[[ RECORDS FOR THE EXERCISE open ]]
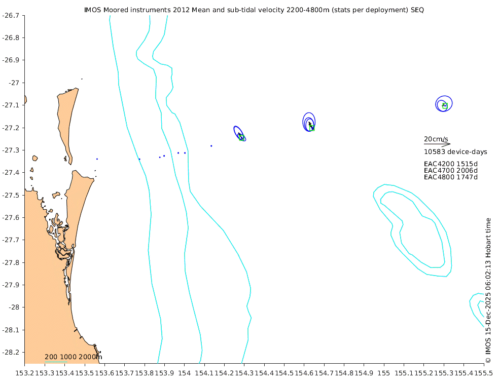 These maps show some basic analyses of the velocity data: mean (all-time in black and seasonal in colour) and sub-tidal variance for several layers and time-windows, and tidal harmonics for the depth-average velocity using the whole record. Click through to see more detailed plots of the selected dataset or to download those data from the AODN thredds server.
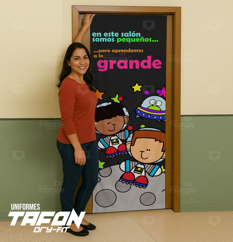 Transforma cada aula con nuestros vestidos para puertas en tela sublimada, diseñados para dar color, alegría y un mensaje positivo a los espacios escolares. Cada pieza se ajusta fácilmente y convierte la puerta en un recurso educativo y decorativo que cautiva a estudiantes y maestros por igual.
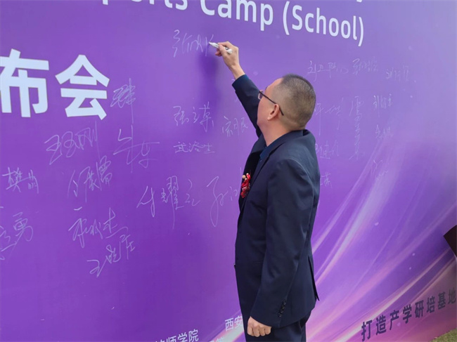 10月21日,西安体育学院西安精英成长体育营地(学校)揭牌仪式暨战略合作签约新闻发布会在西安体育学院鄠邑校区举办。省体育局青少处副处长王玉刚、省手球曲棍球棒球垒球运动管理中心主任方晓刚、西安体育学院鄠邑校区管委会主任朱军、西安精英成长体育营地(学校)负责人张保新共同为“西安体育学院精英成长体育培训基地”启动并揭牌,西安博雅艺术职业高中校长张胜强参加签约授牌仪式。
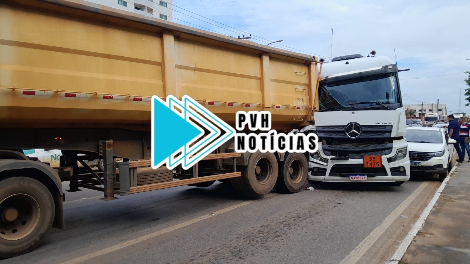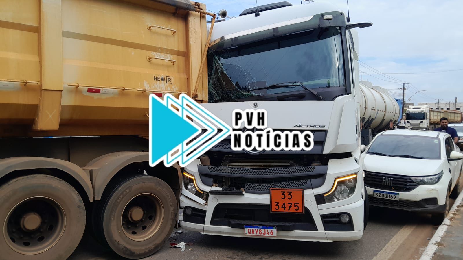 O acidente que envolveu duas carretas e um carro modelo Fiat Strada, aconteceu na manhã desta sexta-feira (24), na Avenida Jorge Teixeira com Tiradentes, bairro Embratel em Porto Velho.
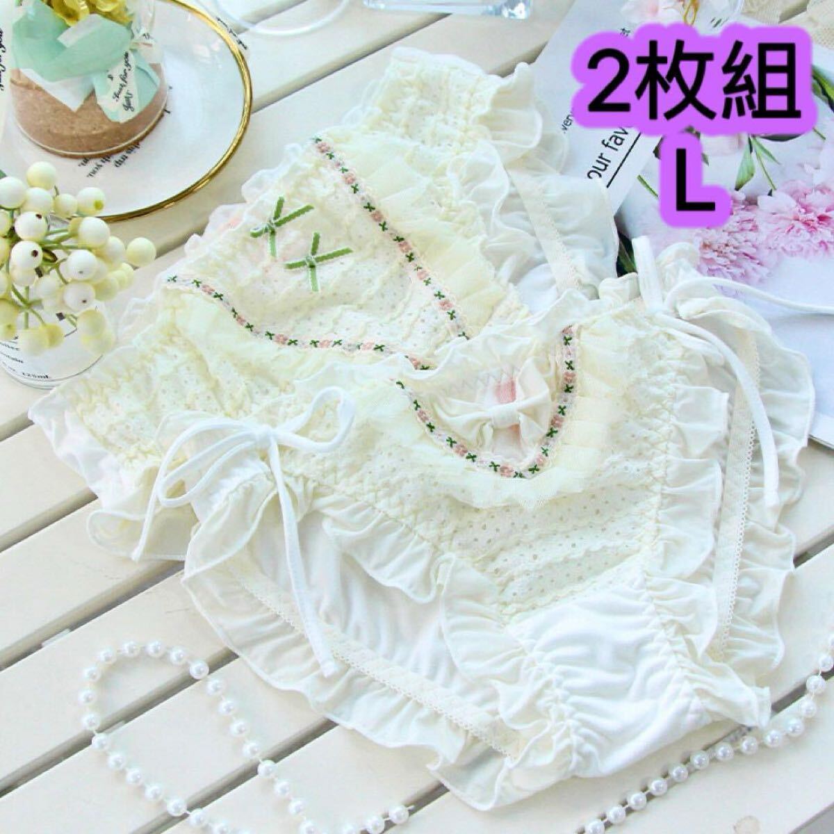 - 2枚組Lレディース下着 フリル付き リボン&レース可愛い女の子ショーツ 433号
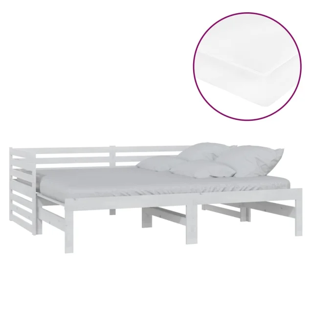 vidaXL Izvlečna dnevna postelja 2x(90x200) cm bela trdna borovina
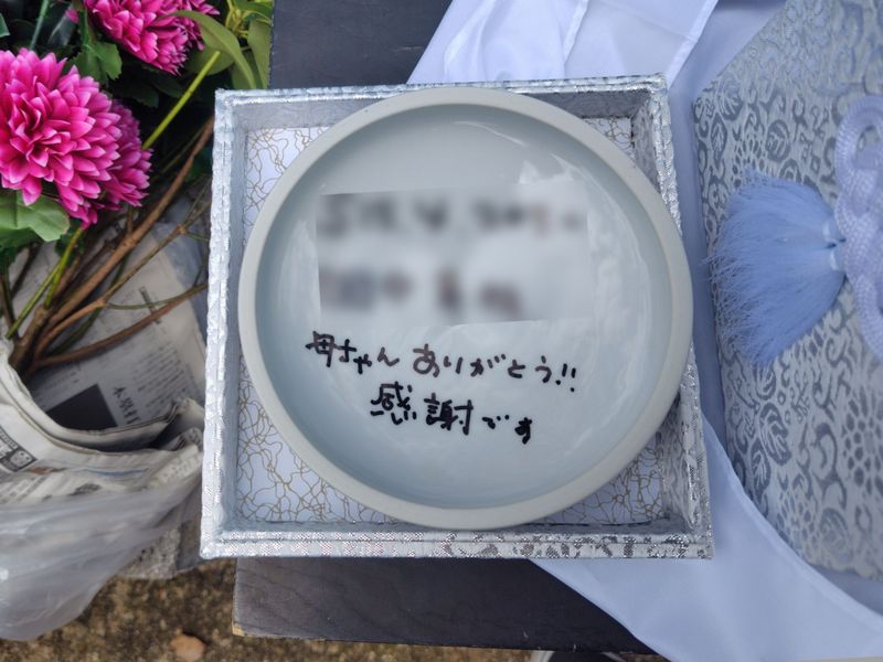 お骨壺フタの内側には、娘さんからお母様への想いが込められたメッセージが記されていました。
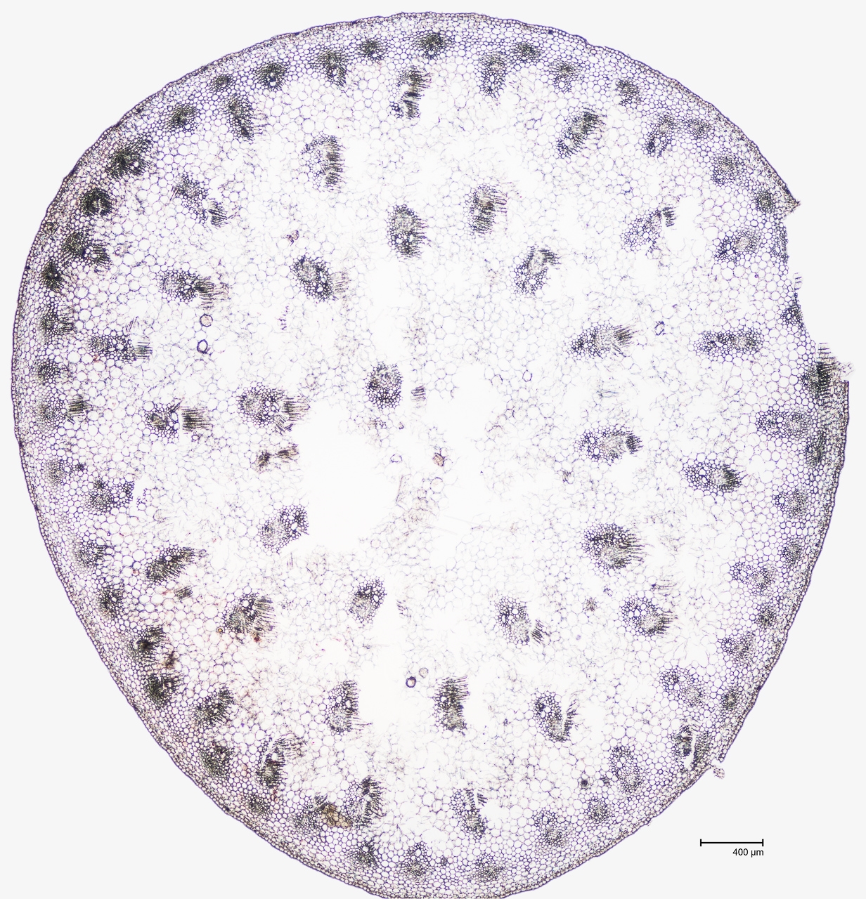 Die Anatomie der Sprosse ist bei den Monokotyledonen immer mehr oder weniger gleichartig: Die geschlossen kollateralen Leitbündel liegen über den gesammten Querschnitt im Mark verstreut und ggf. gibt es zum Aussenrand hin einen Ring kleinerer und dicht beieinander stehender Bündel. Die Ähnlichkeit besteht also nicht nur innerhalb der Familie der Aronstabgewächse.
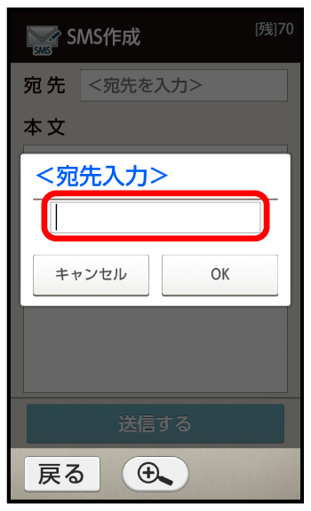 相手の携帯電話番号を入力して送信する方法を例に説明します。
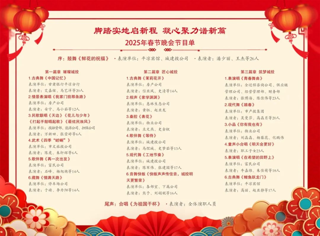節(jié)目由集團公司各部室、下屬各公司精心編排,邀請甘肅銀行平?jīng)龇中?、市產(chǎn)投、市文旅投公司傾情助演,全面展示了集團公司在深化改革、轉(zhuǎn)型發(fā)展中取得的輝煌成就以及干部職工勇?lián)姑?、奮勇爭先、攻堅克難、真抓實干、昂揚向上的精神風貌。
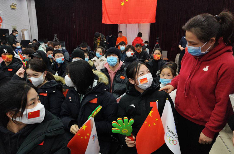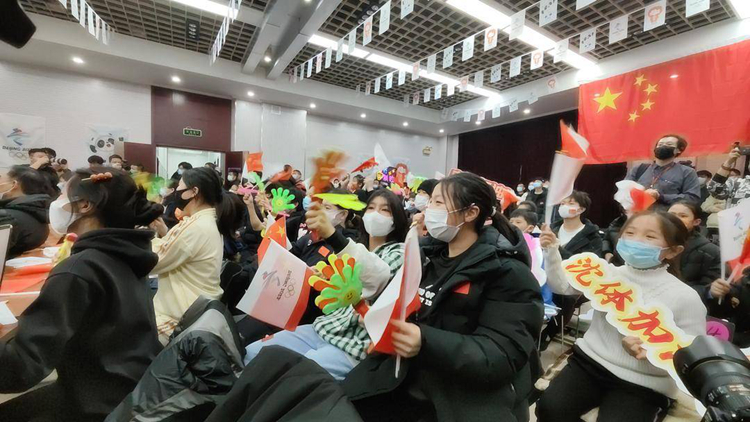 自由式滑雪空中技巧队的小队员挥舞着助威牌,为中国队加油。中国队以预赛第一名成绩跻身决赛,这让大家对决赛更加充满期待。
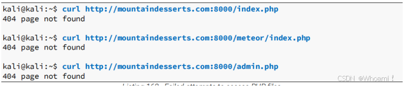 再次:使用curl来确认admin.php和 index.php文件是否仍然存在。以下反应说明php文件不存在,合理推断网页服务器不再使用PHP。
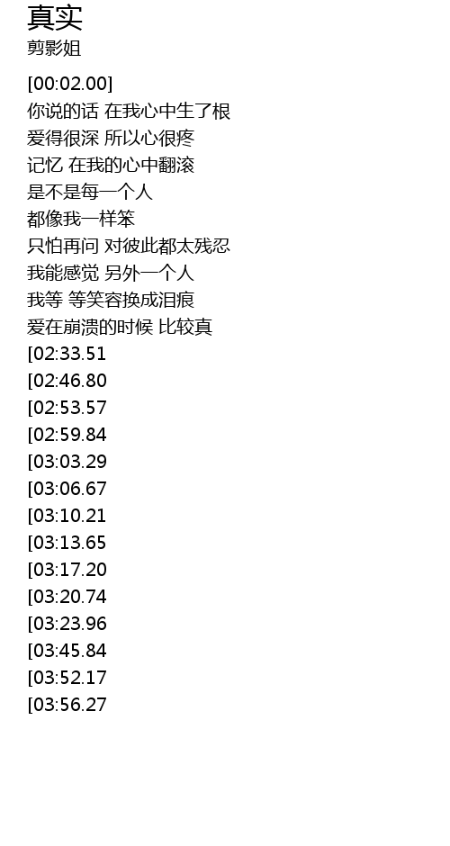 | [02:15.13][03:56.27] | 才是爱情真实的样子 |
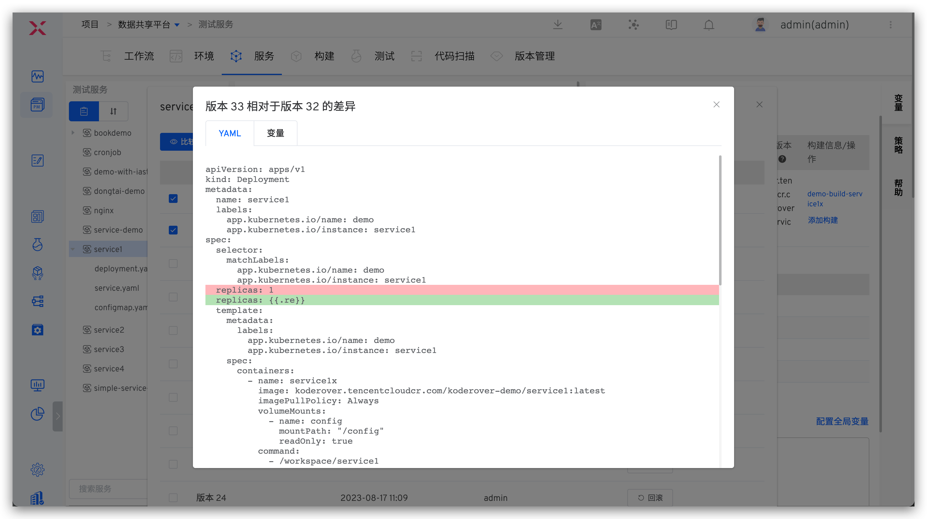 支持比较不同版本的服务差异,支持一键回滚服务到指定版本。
[[ RECORDS FOR THE EXERCISE closed ]]
[TASK DIRECTIONS]: Give an exact copy of the entries, excluding all pictures.

[RESPONSE FOR THIS EXERCISE]:
 These maps show some basic analyses of the velocity data: mean (all-time in black and seasonal in colour) and sub-tidal variance for several layers and time-windows, and tidal harmonics for the depth-average velocity using the whole record. Click through to see more detailed plots of the selected dataset or to download those data from the AODN thredds server.
 Transforma cada aula con nuestros vestidos para puertas en tela sublimada, diseñados para dar color, alegría y un mensaje positivo a los espacios escolares. Cada pieza se ajusta fácilmente y convierte la puerta en un recurso educativo y decorativo que cautiva a estudiantes y maestros por igual.
 10月21日,西安体育学院西安精英成长体育营地(学校)揭牌仪式暨战略合作签约新闻发布会在西安体育学院鄠邑校区举办。省体育局青少处副处长王玉刚、省手球曲棍球棒球垒球运动管理中心主任方晓刚、西安体育学院鄠邑校区管委会主任朱军、西安精英成长体育营地(学校)负责人张保新共同为“西安体育学院精英成长体育培训基地”启动并揭牌,西安博雅艺术职业高中校长张胜强参加签约授牌仪式。
 O acidente que envolveu duas carretas e um carro modelo Fiat Strada, aconteceu na manhã desta sexta-feira (24), na Avenida Jorge Teixeira com Tiradentes, bairro Embratel em Porto Velho.
 - 2枚組Lレディース下着 フリル付き リボン&レース可愛い女の子ショーツ 433号
 vidaXL Izvlečna dnevna postelja 2x(90x200) cm bela trdna borovina
 お骨壺フタの内側には、娘さんからお母様への想いが込められたメッセージが記されていました。
 Die Anatomie der Sprosse ist bei den Monokotyledonen immer mehr oder weniger gleichartig: Die geschlossen kollateralen Leitbündel liegen über den gesammten Querschnitt im Mark verstreut und ggf. gibt es zum Aussenrand hin einen Ring kleinerer und dicht beieinander stehender Bündel. Die Ähnlichkeit besteht also nicht nur innerhalb der Familie der Aronstabgewächse.
 相手の携帯電話番号を入力して送信する方法を例に説明します。
節(jié)目由集團公司各部室、下屬各公司精心編排,邀請甘肅銀行平?jīng)龇中?、市產(chǎn)投、市文旅投公司傾情助演,全面展示了集團公司在深化改革、轉(zhuǎn)型發(fā)展中取得的輝煌成就以及干部職工勇?lián)姑?、奮勇爭先、攻堅克難、真抓實干、昂揚向上的精神風貌。
 自由式滑雪空中技巧队的小队员挥舞着助威牌,为中国队加油。中国队以预赛第一名成绩跻身决赛,这让大家对决赛更加充满期待。
 再次:使用curl来确认admin.php和 index.php文件是否仍然存在。以下反应说明php文件不存在,合理推断网页服务器不再使用PHP。
 | [02:15.13][03:56.27] | 才是爱情真实的样子 |
 支持比较不同版本的服务差异,支持一键回滚服务到指定版本。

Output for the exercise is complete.